Before you start
You’ll need:
- Python 3.7+ on your development machine (used by the hooks)
- One AI agent installed: Claude Code, Codex CLI, Gemini CLI, or GitHub Copilot CLI
- An iPhone or Android phone for the PromptBeat app
Step 1: Get the PromptBeat app
The mobile app is where you sign up, hold your API key, and approve agent requests.
- Download from the App Store (iPhone, iPad — iOS 16+)

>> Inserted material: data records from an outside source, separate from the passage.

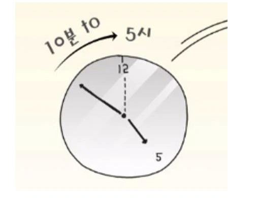 시곗바늘의 움직임을 기준으로 하면, 10분을 앞으로 나아가면 5시가 된다.
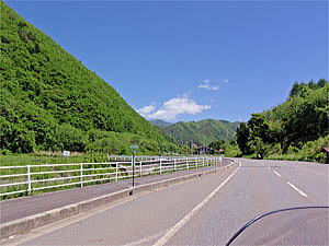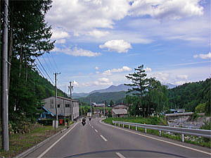 国道19号線を右折し、木曽大橋を超えて国道361号線を開田方面へと向かう。新緑の山々と青空のコントラストが美しく、しかも私達以外車もバイクも走っていないほどの道の空き様だった。この道の走りの気持ち良さは写真を見て頂ければもうお解かりだろう。全てこの写真が物語っている。
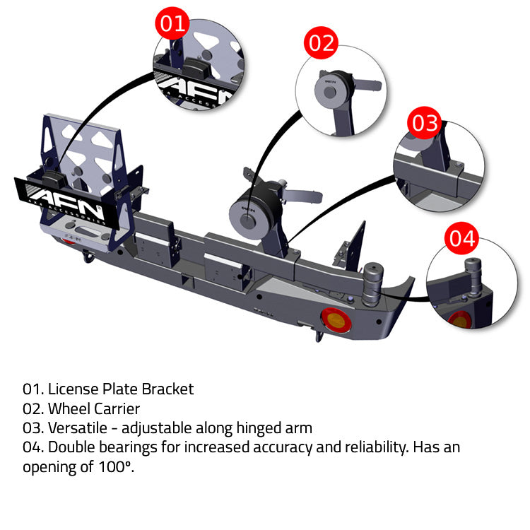 The Ford F250/F350 Super Duty Rear Bumper with Wheel Carrier and Jerry Can Bracket is ideal for expedition vehicles. Features reversible hinge swing-away, Spare Tire, and Jerry Can Rack.
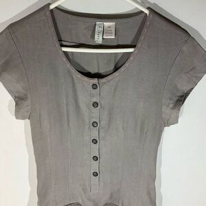 Sahalie Grey Linen Shirtdress. XS. Half Buttonup. Flap pockets Beautiful
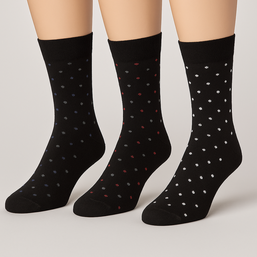 1 pár černých ponožek s dvoubarevnými puntíky (variace: modrá+šedá, červená+šedá nebo bílá+šedá)
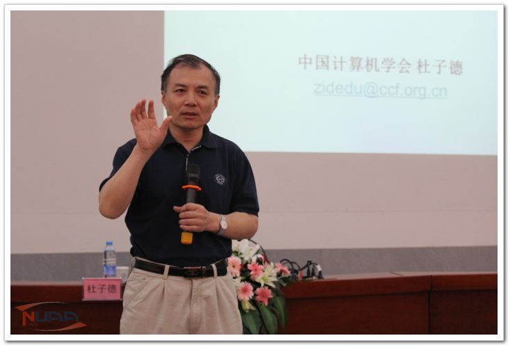 6月22日上午,中国计算机学会秘书长杜子德先生应邀来我校将军路校区主楼作了一场题为“如何度过大学生活”的讲座。计算机科学与技术学院党委书记江国华、副院长王箭以及来自不同年级的学生代表到场听讲,讲座由江国华主持。

- Or Google Play (Android 10+)
- Sign in with one of:
- Continue with Google — one-tap, no email verification round-trip
- Continue with Apple (iOS only) — supports Hide My Email relay
- Email + password — classic flow with email verification
Both apps are launching soon. While we wait, the hosted server at promptbeat.online is live and ready.
Step 2: Get your API key (two ways)
Option A — QR pairing from the terminal (recommended)
Skip copy-pasting an API key altogether. After installing the local agent (Step 3 below), run:
python3 ~/.promptbeat/agent.py install
A QR code appears in your terminal. In the app:
- Tap the laptop icon in the top app bar
- Scan the QR with your phone’s camera
- Confirm — an API key gets minted, tagged to your machine’s hostname, and written to
~/.promptbeat/agent.json automatically
The terminal flips to “Connected!” and you’re done. If you’ve previously paired this hostname, the app gives you Replace existing / Keep both / Cancel.
Option B — Generate manually in the app
- Tap Settings → API Keys
- Tap Generate new key — the key starts with
pb_
- Copy it — the laptop installer will ask for it
Step 3: Run the laptop installer
Open a terminal on your development machine and run:
curl -sS https://promptbeat.online/public/promptbeat-installer.sh | bash
The installer will:
- Ask for your API key (skip if you’ll use QR pairing in Step 2 above)
- Detect which AI agents you have installed
- Wire up hooks for the ones you want
- Optionally install the local agent (needed for Remote AI Chat and the QR pairing flow)
How each agent gets connected
The installer configures each agent in its native way — nothing patches the binary.
Claude Code
Adds a PermissionRequest hook to ~/.claude/settings.json. Use Claude Code as normal — permission prompts route through PromptBeat.
Gemini CLI
Adds a BeforeTool hook to ~/.gemini/settings.json. Run gemini as usual.
Codex
Installs a promptbeat-codex wrapper that fronts codex-app-server over JSON-RPC. Use it instead of codex:
promptbeat-codex "Fix the bug in main.py"
GitHub Copilot CLI
Adds a preToolUse hook to ~/.config/github-copilot/hooks/promptbeat.json. Run copilot as usual.
Step 4: Pair your phone
- Already signed in to the app? Approvals will start arriving automatically once your laptop and the phone use the same account.
- Permission requests show up as push notifications — tap to open the prompt, biometric to approve.
Optional: AI Chat from your phone
Want to drive Claude Code or Codex from your phone while you’re away from your desk? The local agent enables it.
- The installer offers to set up the local agent — say yes
- The agent runs in the background on your laptop and connects to the server over WebSocket
- Open AI Chat in the app, pick a project directory, start typing
Things to try once you’re live
- Auto-approve rules — tap Settings → Rules, add a pattern like
git status to skip approvals for safe commands
- Approve for session — long-press the Session button to auto-approve matching tool calls for the rest of your chat
- Audit log — tap Settings → Audit to see every request and decision, exportable as CSV
- End-to-end encryption — set
PROMPTBEAT_ENCRYPTION_KEY in your shell rc and the app under Settings → Security
Troubleshooting
- Hook not firing? Check that the agent’s settings file references the PromptBeat hook script. The installer prints the path; you can edit it manually.
- Approvals time out? Pending requests die after 2 minutes. Open the app sooner, or add an auto-approve rule for the safe stuff.
- Wrong machine on the API key? Each key is tagged with a hostname. Generate a new one for the new machine and revoke the old.